» **Problem to work on**: Everything except the pictures should be printed exactly as it appears in the records.

» **Data under study**:
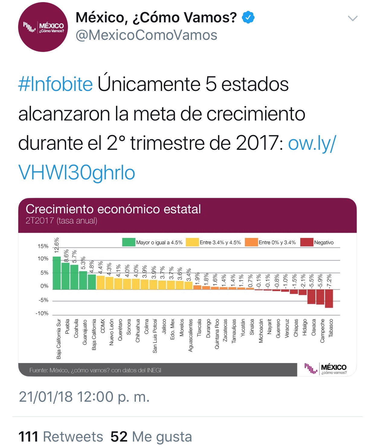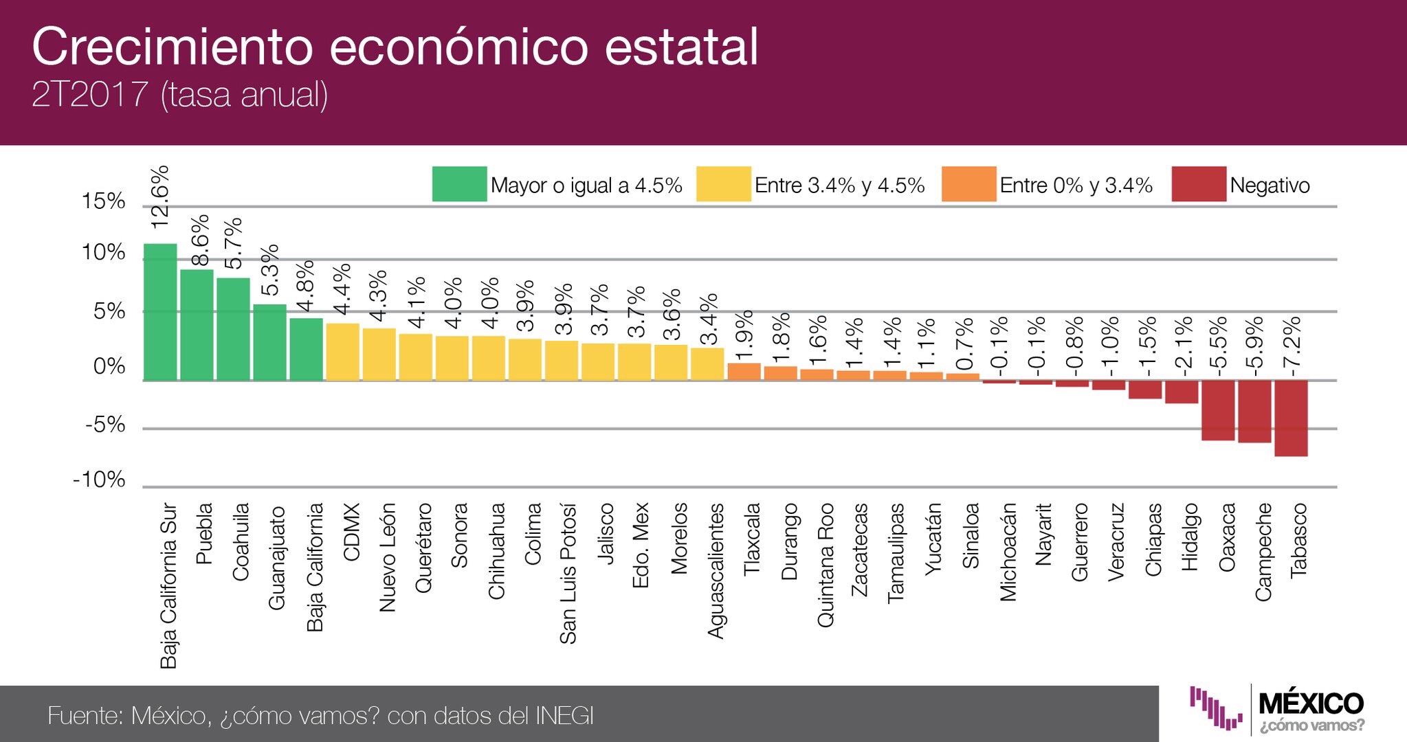 A través de su cuenta oficial de Twitter @MexicoComoVamos dieron a conocer los números de crecimiento de los Estados de la República, donde solamente cinco estados alcanzaron la meta el segundo trimestre del 2017.
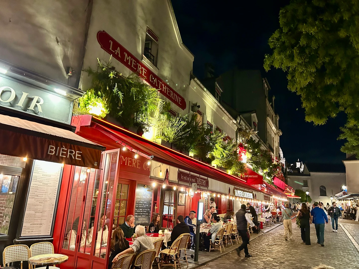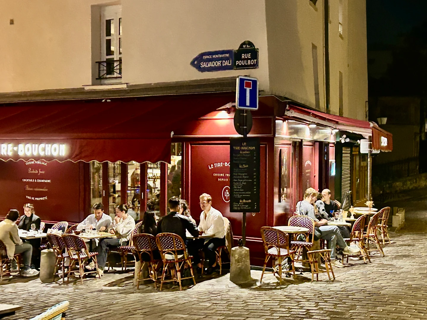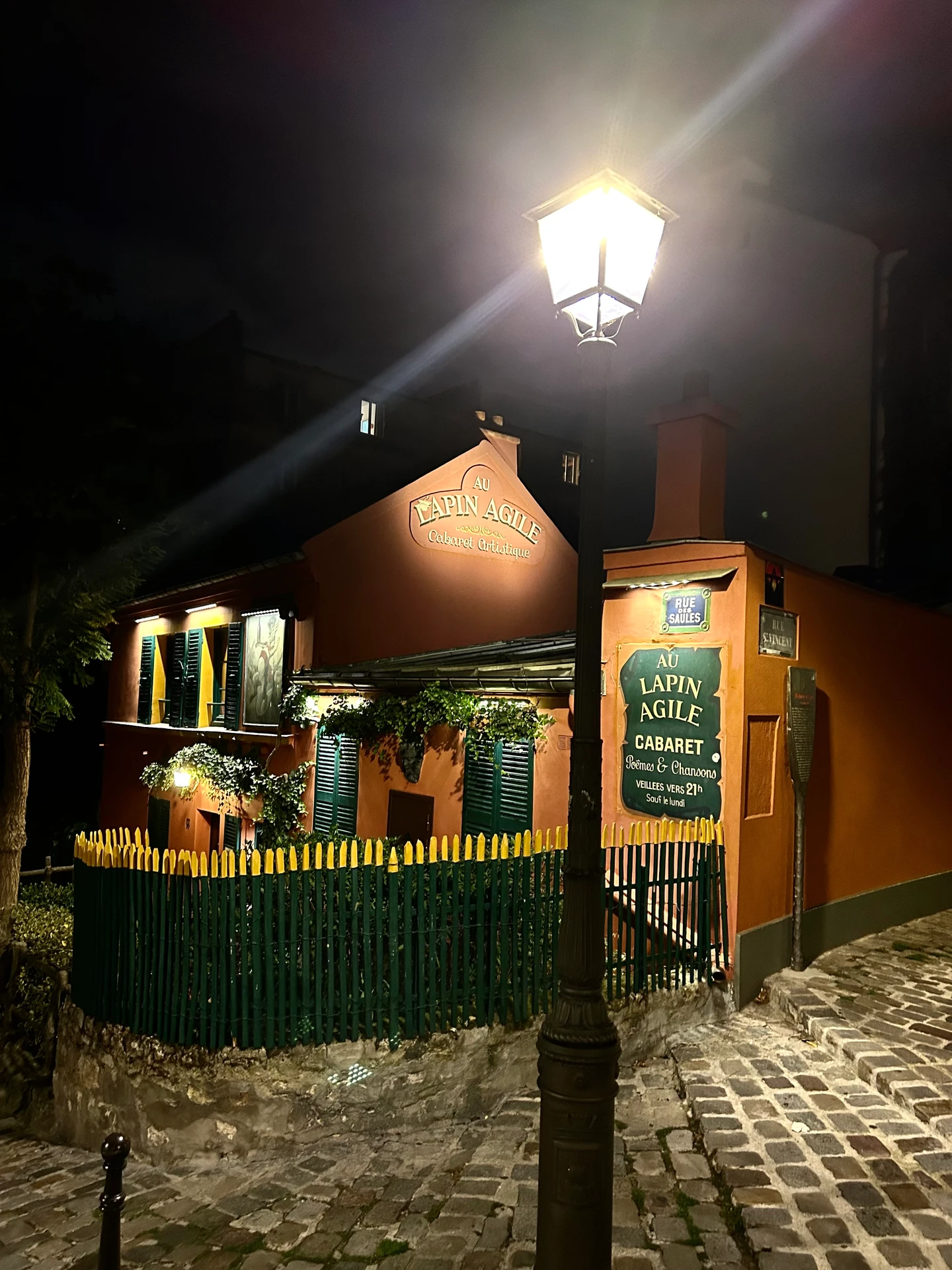 Al Lapin Agile le movenze, l’ironia, l’amore per la città che trasuda nel carillon di esibizioni, quell’atmosfera informale dove ti trovi seduto al tuo tavolo al fianco di uno/una chansonnier (non potrei definirli differentemente) che con te interagisce e ti trasporta nella Parigi dei cantautori. Esci ed i lampioncini sulle ripide discese con i mancorrenti che segnano le pendenze con una doppia linea parallela sono esattamente la Montmartre che sognavi e che ancora “debolmente” esiste. All’emozione di quelle poche stanzette piene di parole, note e storie riesci persino a dimenticare la Montmartre sbagliata ovvero quella del turismo chiassoso che si accalca a Place de Tartre, o sulla gradinate del Sacro Cuore alla ricerca dell’ultimo selfie e così poco interessato all’anima che ha reso grande questo pezzo di città.
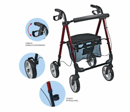 Podpórka rehabilitacyjna 4-kołowa, aluminiowa „PRESTIGE”
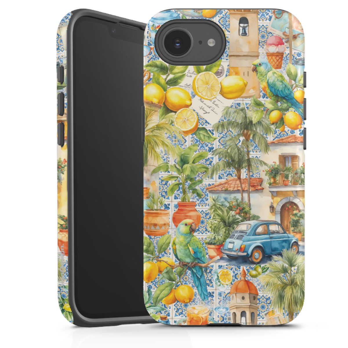 Product details Our most protective phone case combines the advantages of the Silicone and Premium Case: the flexible silicone core on the inside offers an extra shockabsorbing layer, protecting reliably against damages from dropping your phone. The longlasting, polycarbonate hard shell ensures additional stability and a brilliant print result. The surface of the 2,6 mm strong case feels smooth offering a comfortable grip. The case is available with a matt and glossy finish.
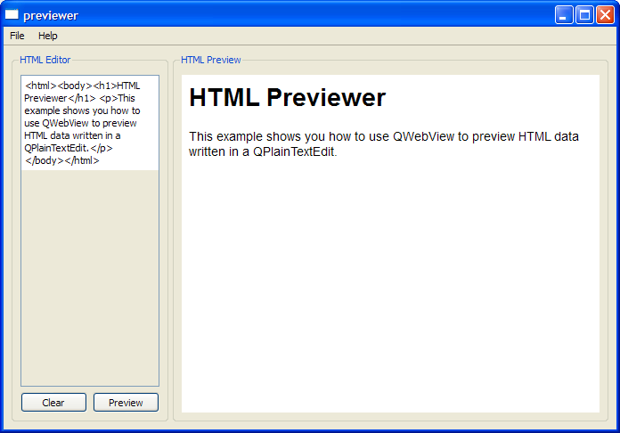 void MainWindow::setStartupText() { QString string = "<html><body><h1>HTML Previewer</h1>" " <p>This example shows you how to use QWebView to" " preview HTML data written in a QPlainTextEdit.</p>" " </body></html>"; centralWidget->webView->setHtml(string); }
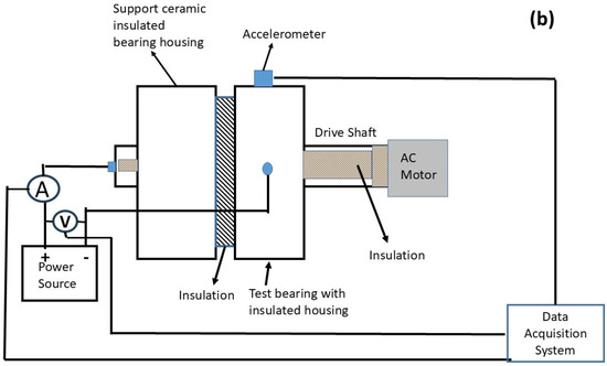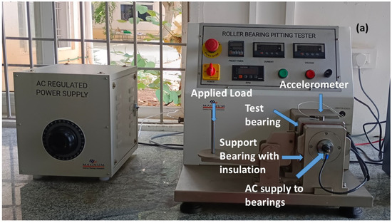 Figure 1a indicates the full-bearing test rig (Make: Magnum Engineers, Bangaluru, India) used in this work. The test rig is installed at the Tribology and Interactive Surfaces Research Laboratory (TRISUL), Amrita Vishwa Vidyapeetham, Chennai, India. Greases (5.0 ± 0.5 g) were filled into the gaps between the balls of the test bearing. To ensure a uniform grease distribution, the bearing was rotated freely before fixing it in the bearing test rig. Figure 1b shows the schematic diagram of the bearing test rig. An alternating electric current (starting at 10 A) was passed through the deep groove ball bearing mounted on a shaft. The bearing was rotated at 2000 rpm. A radial load of 496 N was applied to the bearing. An alternating current of 10 A was passed through the outer ring to the inner ring. To the best of the authors’ knowledge, bearing failures under high loads and high alternating current have not been systematically studied. Previous studies on conductive greases have indicated that a minimum 6 A is required for the formation of fluting marks [45]. However, to evaluate the grease performance under more extreme conditions, a current of 10 A was selected for the present work. The test equipment was supplied with 220 V and 50 Hz frequency. A ceramic bearing to support the shaft was used, as seen in Figure 1. The equipment used a high-class industrial grade insulator (Hylem) to prevent damage to the other parts of the equipment, except the test bearing. The radial vibrations caused due to the deterioration of the bearing raceways were picked up by an accelerometer (Make: PCB (Depew, NY, USA), Model: 333B30) fixed at the top of the bearing housing. Each set of experiments was repeated twice, and a fresh bearing was used every time. The average of the results has been presented in this work.
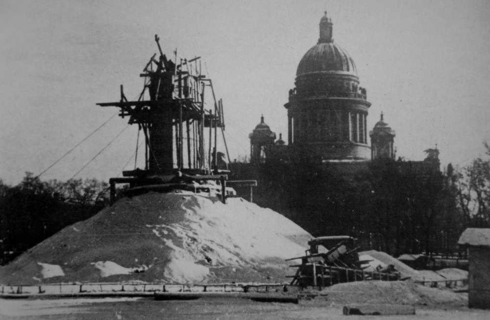 Работа над памятником длилась 12 лет. Самым сложным было доставить гигантскую гранитную скалу в город и установить ее на выбранном месте. Не менее сложная задача состояла в отливке памятника из бронзы. На протяжении всего времени работ случалось множество форс-мажорных ситуаций. Ломались трубы при отливке монумента. Бронзовую скульптуру отливали больше года, и удалось все сделать только со второй попытки. Сложность состояла в том, что задняя часть монумента должна была быть тяжелее передней. Эта задача была достигнута путем колоссальных усилий и труда скульптора.
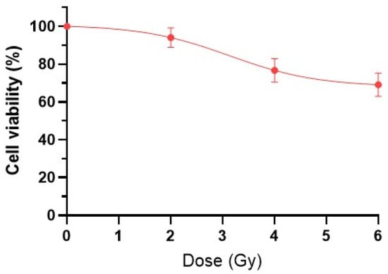 The characteristic shoulder on the survival curve at a dose of 2 Gy is clearly visible in Figure 1, indicating the cells’ ability to repair radiation damage. With an increase in IR dose, there is a sharp decrease in the number of viable tumor cells to 79.7 ± 5.3% for 4 Gy and 69.1 ± 6.1% for 6 Gy, compared to the control (100 ± 5.4%).
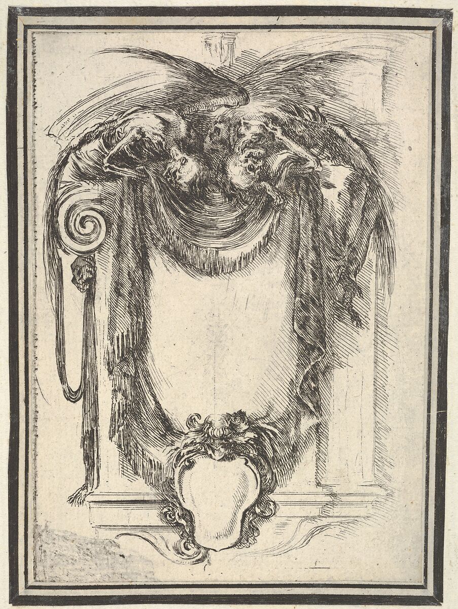 A cartouche formed by drapery and topped with two skeletons atop an Ionic entablature, plate 10 from "Nouvelles inventions de Cartouches"

» **Reply to the task**:
 A través de su cuenta oficial de Twitter @MexicoComoVamos dieron a conocer los números de crecimiento de los Estados de la República, donde solamente cinco estados alcanzaron la meta el segundo trimestre del 2017.
 Al Lapin Agile le movenze, l’ironia, l’amore per la città che trasuda nel carillon di esibizioni, quell’atmosfera informale dove ti trovi seduto al tuo tavolo al fianco di uno/una chansonnier (non potrei definirli differentemente) che con te interagisce e ti trasporta nella Parigi dei cantautori. Esci ed i lampioncini sulle ripide discese con i mancorrenti che segnano le pendenze con una doppia linea parallela sono esattamente la Montmartre che sognavi e che ancora “debolmente” esiste. All’emozione di quelle poche stanzette piene di parole, note e storie riesci persino a dimenticare la Montmartre sbagliata ovvero quella del turismo chiassoso che si accalca a Place de Tartre, o sulla gradinate del Sacro Cuore alla ricerca dell’ultimo selfie e così poco interessato all’anima che ha reso grande questo pezzo di città.
 Podpórka rehabilitacyjna 4-kołowa, aluminiowa „PRESTIGE”
 Product details Our most protective phone case combines the advantages of the Silicone and Premium Case: the flexible silicone core on the inside offers an extra shockabsorbing layer, protecting reliably against damages from dropping your phone. The longlasting, polycarbonate hard shell ensures additional stability and a brilliant print result. The surface of the 2,6 mm strong case feels smooth offering a comfortable grip. The case is available with a matt and glossy finish.
 void MainWindow::setStartupText() { QString string = "<html><body><h1>HTML Previewer</h1>" " <p>This example shows you how to use QWebView to" " preview HTML data written in a QPlainTextEdit.</p>" " </body></html>"; centralWidget->webView->setHtml(string); }
 Figure 1a indicates the full-bearing test rig (Make: Magnum Engineers, Bangaluru, India) used in this work. The test rig is installed at the Tribology and Interactive Surfaces Research Laboratory (TRISUL), Amrita Vishwa Vidyapeetham, Chennai, India. Greases (5.0 ± 0.5 g) were filled into the gaps between the balls of the test bearing. To ensure a uniform grease distribution, the bearing was rotated freely before fixing it in the bearing test rig. Figure 1b shows the schematic diagram of the bearing test rig. An alternating electric current (starting at 10 A) was passed through the deep groove ball bearing mounted on a shaft. The bearing was rotated at 2000 rpm. A radial load of 496 N was applied to the bearing. An alternating current of 10 A was passed through the outer ring to the inner ring. To the best of the authors’ knowledge, bearing failures under high loads and high alternating current have not been systematically studied. Previous studies on conductive greases have indicated that a minimum 6 A is required for the formation of fluting marks [45]. However, to evaluate the grease performance under more extreme conditions, a current of 10 A was selected for the present work. The test equipment was supplied with 220 V and 50 Hz frequency. A ceramic bearing to support the shaft was used, as seen in Figure 1. The equipment used a high-class industrial grade insulator (Hylem) to prevent damage to the other parts of the equipment, except the test bearing. The radial vibrations caused due to the deterioration of the bearing raceways were picked up by an accelerometer (Make: PCB (Depew, NY, USA), Model: 333B30) fixed at the top of the bearing housing. Each set of experiments was repeated twice, and a fresh bearing was used every time. The average of the results has been presented in this work.
 Работа над памятником длилась 12 лет. Самым сложным было доставить гигантскую гранитную скалу в город и установить ее на выбранном месте. Не менее сложная задача состояла в отливке памятника из бронзы. На протяжении всего времени работ случалось множество форс-мажорных ситуаций. Ломались трубы при отливке монумента. Бронзовую скульптуру отливали больше года, и удалось все сделать только со второй попытки. Сложность состояла в том, что задняя часть монумента должна была быть тяжелее передней. Эта задача была достигнута путем колоссальных усилий и труда скульптора.
 The characteristic shoulder on the survival curve at a dose of 2 Gy is clearly visible in Figure 1, indicating the cells’ ability to repair radiation damage. With an increase in IR dose, there is a sharp decrease in the number of viable tumor cells to 79.7 ± 5.3% for 4 Gy and 69.1 ± 6.1% for 6 Gy, compared to the control (100 ± 5.4%).
 A cartouche formed by drapery and topped with two skeletons atop an Ionic entablature, plate 10 from "Nouvelles inventions de Cartouches"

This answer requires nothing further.